I am getting this error when trying to run the model. Please help.

Just to mix things up a bit, I made a very short (25 second) youtube video with a demo of the cloud classifier I made: CloudAtlas demo

Trained the model on ten cloud types. Realized how tricky it can be to clean data when 1. you don’t even know the correct labels in the first place (I had to learn my cloud types!) and 2. you are sourcing images from online searches (many incorrect initial labels).

End result does a great job. Does this mean I am a cloud computing expert now…?

I ran into the same issue and Vanessa’s note helps me out.

For whoever that is searching for an answer in this forum for this issue:

The initial error message I got in Kaggle is “Error displaying widget: model not found”. It appears right after I call cleaner().
After adding all the imports @Vanessa mentioned, I started getting “Loading widget”. and the notebook hung there.
After some experiments, I confirmed that it’s not my code’s fault but the kernel that stuck at loading widget. Stop the session and rerun everything solve the issue.

Best luck for everyone working on the lesson2

I had the same problem. I already had a directory called ‘bears’ and the first if statement was preventing the rest of the cell from running.
!rm -rf bears
Running that bash command and then rerunning the cell to fetch images worked.

@maueroats thanks for the information!

So:

  1. I should always order the label options according to the vocab of the model?
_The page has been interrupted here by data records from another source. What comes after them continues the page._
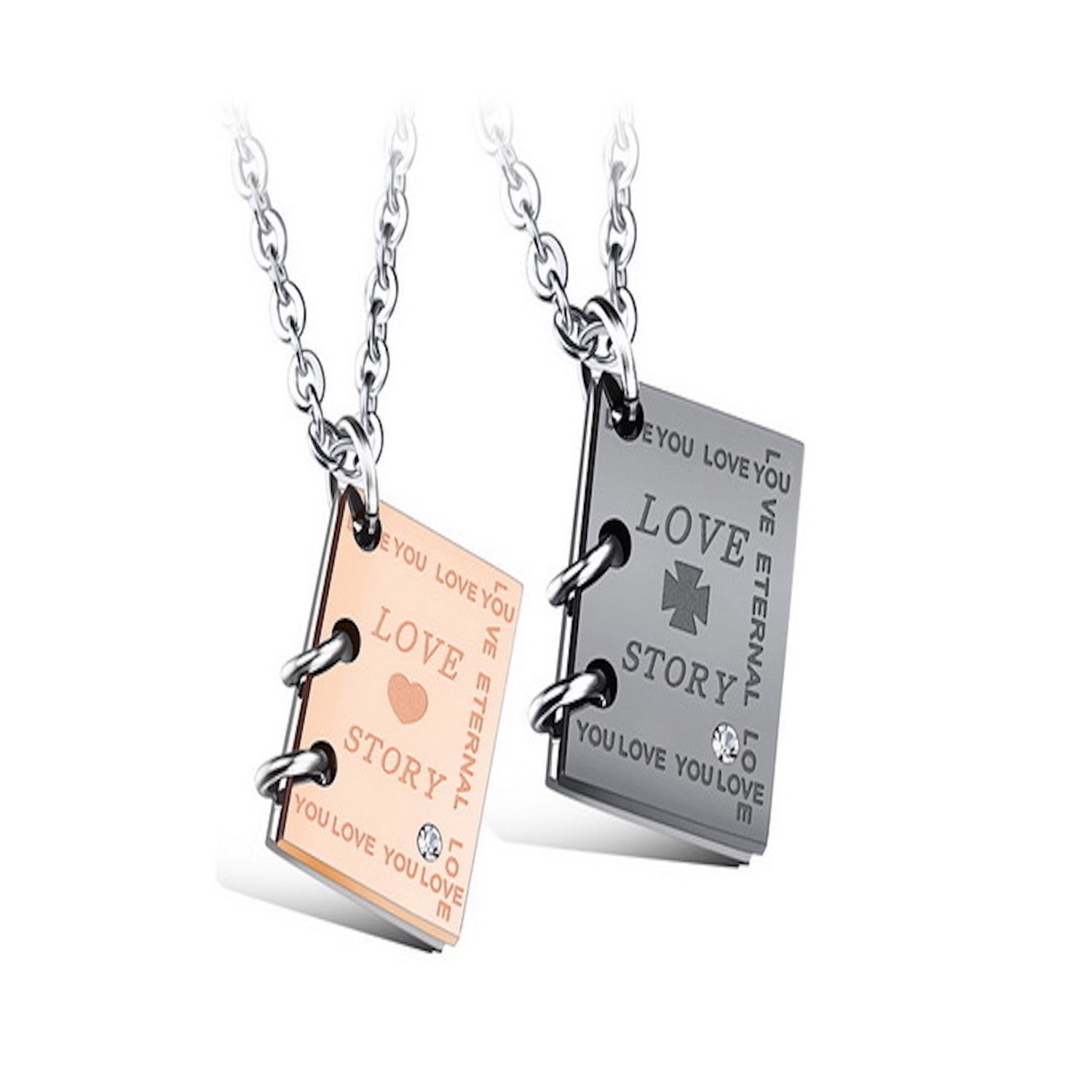 【☆ペアアクセサリー工房☆】ステンレス製 ペアネックレス セットカップル CZキュービックジルコニア 恋人 刻印「 Love Story( ラブレター )」メンズ レディース ペンダント 人気アクセサリー お揃い ネックレス お揃いのネックレスやブレスレットなどおしゃれなペア専門店 PEACEYA
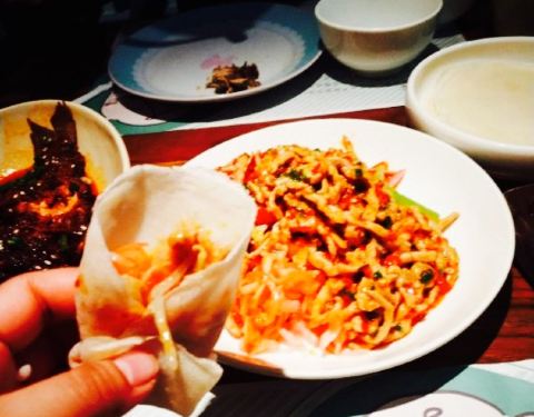 菜品种类不太多,只是做的都比较精美,两个人来吃刚好适合。就是等位的时间太长了,等一个小时是常见的。鱼想肉丝很爽口。里头还有酸萝卜丝和芹菜丝,配有小饼,可以像丝娃娃一样卷起来吃。??猕猴桃苏打水很好喝。
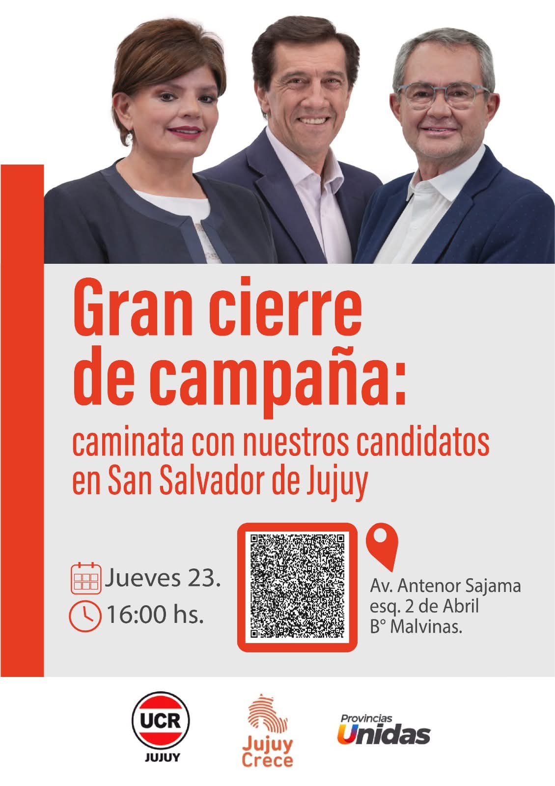 Caminata de cierre de campaña de Jujuy Crece en San Salvador, este jueves 23, a las 16, en las afueras del Complejo Ministerial del B° Malvinas, con la presencia de los candidatos a diputados nacionales, María Inés Zigaran y Mario Pizarro
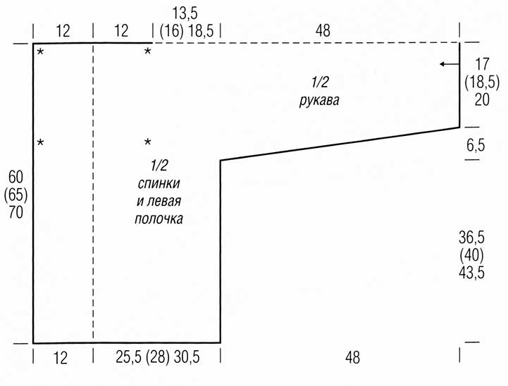 Описание работы: начать с левого рукава. Связать цепочку из 20 (22) 24 возд. п. + 2 возд. п. подъёма и вязать основным узором. Для скосов рукава прибавить с обеих сторон в каждом 4-м р. 4 х 1 п. = 28 (30) 32 п. Через 48 см = 18 р. от наборного края прибавить петли для боковых краёв полочки и спинки. Для этого в конце 18-го р. связать цепочку из 22 (24) 26 возд, п., повернуть и для 19-го р. обвязать её и 28 (30) 32 п. рукава основным узором. Затем петлю оставить и отдельной нитью присоединиться к последней п. 18-го р. Связать цепочку из 22 (24) 26 возд. п. и нить обрезать. Затем ввести крючок в оставленную п. и обвязать эту цепочку рабочей нитью основным узором = 72 (78) 84 п.

Otherwise I will miss-label the results returned from the model?
  2. For the ‘other’ prediction, how would you train a model to return other for images that dont belong to a ‘known’ set?

I had an idea while thinking about your 2nd question.
What if we set a confidence threshold for the other labels beyond which it should show the prediction to be “Other” even if one the labels has a higher confidence than the other(s)?

For example, let’s say we are trying to classify two categories of images, say, A and B. If the model predicts the image to be A with 60% confidence, then we throw the “Other” label without any confidence score because we set the threshold to be 60% for any one label.

Implemented it here: Tv Desktop Classifier - a Hugging Face Space by asquirous
Might be naive idea, so I’m not sure of the practical use of it.